A longtime industry watcher, Handel Jones, who heads the consultancy International Business Strategies, sees total chip revenues rising steadily to $1.2 trillion by 2030 from roughly $500 billion this year.
That growth could arrive just as the industry fundamentally changes. More companies are concluding that software running on standard Intel-style microprocessors is not the best solution for all problems. For that reason, companies like Cisco Systems and Hewlett Packard Enterprise have long designed specialty chips for products such as networking gear.

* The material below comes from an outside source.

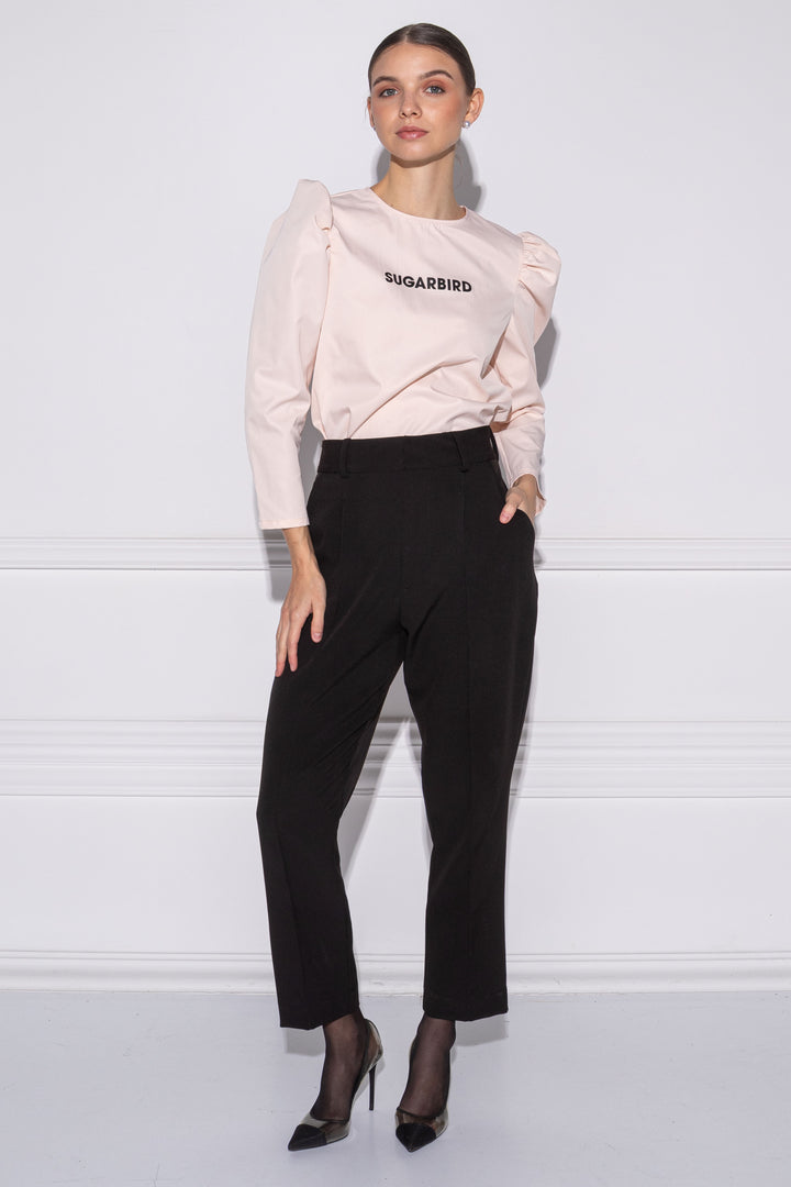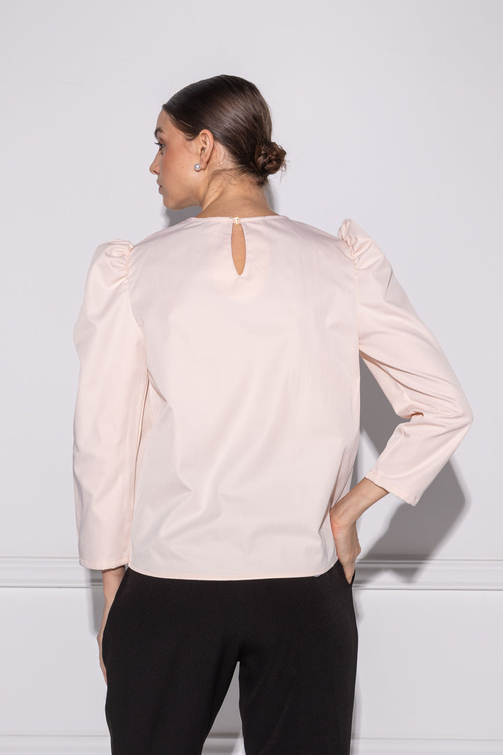 Short, puffy-sleeved shirt that falls above the hips. Closed neckline and fastens with a clasp above a slit at the back.

Giants like Apple, Amazon and Google more recently have gotten into the act. Google’s YouTube unit recently disclosed its first internally developed chip to speed video encoding. And Volkswagen even said last week that it would develop its own processor to manage autonomous driving.
Chip design teams are no longer working just for traditional chip companies, said Pierre Lamond, a 90-year-old venture capitalist who joined the chip industry in 1957. “They are breaking new ground in many respects,” he said.
Little of that activity would be possible, Mr. Keller and others said, without advances in design software by Synopsys and its biggest rival, Cadence Design Systems.
Chip design software gained popularity in the 1980s to streamline tasks that engineers once carried out with pencils and drafting tables, painstakingly drawing clusters of transistors and other components on chips. The software tools have continually evolved; some carmakers, for example, use Synopsys-powered simulations of how future chips will work to write software for them in advance, Mr. de Geus said.
Synopsys, which he co-founded in 1986, has grown steadily, partly by acquisitions, to a valuation of $36 billion.
Mr. de Geus said new growth was coming from what seemed like a problem: a slowdown in Moore’s Law, industry shorthand for the perennial race to shrink chip circuitry so chips do more with less silicon. In response, he said, some companies are using Synopsys tools to design entire systems and bundles of smaller chips that work like a single processor.
During his recent speech to users, Mr. de Geus demonstrated how artificial-intelligence enhancements could allow Synopsys tools to automatically decide how best to situate and connect blocks of circuitry on a chip. A system managed by a single engineer did the work two to five times faster than a team of designers, Mr. de Geus said, while its design used up to 13 percent less energy.
“The ability to use A.I. to design A.I. chips, that is the ultimate cool,” he said. “There you meet science fiction.”
Such software is one of the biggest expenses facing start-ups, chip executives said. That was one reason Rick Lazansky, an industry veteran, in 2014 formed Silicon Catalyst, a so-called incubator that aids start-ups with donated design software and other services in exchange for equity stakes.
The firm estimates it has evaluated more than 400 such ventures and selected 38 to help. One is Sonical, which is developing chips to power a kind of computer for the ear, using artificial intelligence to blend sounds around a user with those delivered from devices like smartphones, said Gary Spittle, its chief executive.
Despite some successes among start-ups, Mr. Spittle said, he still has difficulty courting venture capitalists who continue to prefer businesses like software. So does Aron Kirschen, chief executive of Semron, a German start-up that is working on an augmented-reality chip that could fit on a contact lens.
He got help from Berkeley Skydeck, a business accelerator affiliated with the University of California that aids 130 start-ups every six months. So far it has chosen only seven related to semiconductors, but hopes to pick up the pace as more investors warm to the field.
“Venture investors who typically would not have touched chips with a 10-foot pole now have maybe a five-foot pole,” said Caroline Winnett, Skydeck’s executive director.